Thomet U, Baur R, Razet R, Dodd R H, Furtmüller R, Sieghart W, Sigel E

机构信息

Department of Pharmacology, University of Bern, CH-3010 Bern, Switzerland.

出版信息

Br J Pharmacol. 2000 Oct;131(4):843-50. doi: 10.1038/sj.bjp.0703558.

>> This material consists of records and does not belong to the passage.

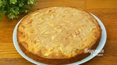 Далее тесто выливается в подготовленную форму (22-24 см) и сверху аккуратно выкладывается творожная начинка. Пирог выпекается в разогретой до 170 градусов духовке около 30 минут. Готовность можно проверить, воспользовавшись зубочисткой.
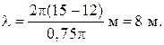 Пример 14. Плоская волна распространяется вдоль прямой со скоростью v = 20 м/с. Две точки, находящиеся на этой прямой на расстояниях x 1 = 12 м и х 2 = 15 м от источника волн, колеблются с разностью фаз Δφ = 0,75π. Найти длину волны λ, написать уравнение волны и найти смещение указанных точек в момент t = 1,2 с, если амплитуда колебаний A = 0,1 м. Решение. Точки, находящиеся друг от друга на расстоянии, равном длине волны λ, колеблются с разностью фаз, равной 2π; точки, находящиеся друг от друга на любом расстоянии Δ x, колеблются с разностью фаз, равной
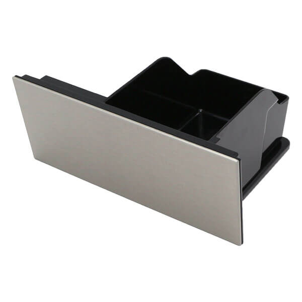Der Satzbehälter wird komplett mit Blende aus Edelstahl geliefert und fängt den Kaffeesatz nach dem Brühvorgang auf.
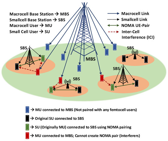 Small-cells deployed in a macrocell with non-orthogonal multiple access (NOMA).

DOI:10.1038/sj.bjp.0703558
PMID:11030736
原文链接:https://pmc.ncbi.nlm.nih.gov/articles/PMC1572371/
Abstract

(+)-ROD188 was synthesized in the search for novel ligands of the GABA binding site. It shares some structural similarity with bicuculline. (+)-ROD188 failed to displace [(3)H]-muscimol in binding studies and failed to induce channel opening in recombinant rat alpha1beta2gamma2 GABA(A) receptors functionally expressed in Xenopus oocytes. (+)-ROD188 allosterically stimulated GABA induced currents. Displacement of [(3)H]-Ro15-1788 indicated a low affinity action at the benzodiazepine binding site. In functional studies, stimulation by (+)-ROD188 was little sensitive to the presence of 1 microM of the benzodiazepine antagonist Ro 15-1788, and (+)-ROD188 also stimulated currents mediated by alpha1beta2, indicating a major mechanism of action different from that of benzodiazepines. Allosteric stimulation by (+)-ROD188 was similar in alpha1beta2N265S as in unmutated alpha1beta2, while that by loreclezole was strongly reduced. (+)-ROD188 also strongly stimulated currents elicited by either pentobarbital or 5alpha-pregnan-3alpha-ol-20-one (3alpha-OH-DHP), in line with a mode of action different from that of barbiturates or neurosteroids as channel agonists. Stimulation by (+)-ROD188 was largest in alpha6beta2gamma2 (alpha6beta2gamma2>>alpha1beta2gamma2=alpha5beta2gamma2++ +>alpha2beta2ga mma2= alpha3beta2gamma2), indicating a unique subunit isoform specificity. Miniature inhibitory postsynaptic currents (mIPSC) in cultures of rat hippocampal neurons, caused by spontaneous release of GABA showed a prolonged decay time in the presence of 30 microM (+)-ROD188, indicating an enhanced synaptic inhibitory transmission.

摘要

(+)-ROD188是在寻找GABA结合位点的新型配体过程中合成的。它与荷包牡丹碱有一些结构相似性。在结合研究中,(+)-ROD188未能取代[(3)H]-蝇蕈醇,并且在非洲爪蟾卵母细胞中功能性表达的重组大鼠α1β2γ2 GABA(A)受体中未能诱导通道开放。(+)-ROD188变构性地刺激GABA诱导的电流。[(3)H]-Ro15-1788的取代表明其对苯二氮䓬结合位点具有低亲和力作用。在功能研究中,(+)-ROD188的刺激对1 microM苯二氮䓬拮抗剂Ro 15-1788的存在不太敏感,并且(+)-ROD188还刺激了由α1β2介导的电流,表明其主要作用机制与苯二氮䓬不同。(+)-ROD188在α1β2N265S中的变构刺激与未突变的α1β2相似,而洛来佐利的变构刺激则强烈降低。(+)-ROD188还强烈刺激了由戊巴比妥或5α-孕烷-3α-醇-20-酮(3α-OH-DHP)引发的电流,这与巴比妥类药物或神经甾体作为通道激动剂的作用方式不同。(+)-ROD188在α6β2γ2中的刺激最大(α6β2γ2>>α1β2γ2=α5β2γ2++ +>α2β2γ2=α3β2γ2),表明其具有独特的亚基异构体特异性。大鼠海马神经元培养物中由GABA自发释放引起的微小抑制性突触后电流(mIPSC)在存在30 microM(+)-ROD188时显示出延长的衰减时间,表明突触抑制性传递增强。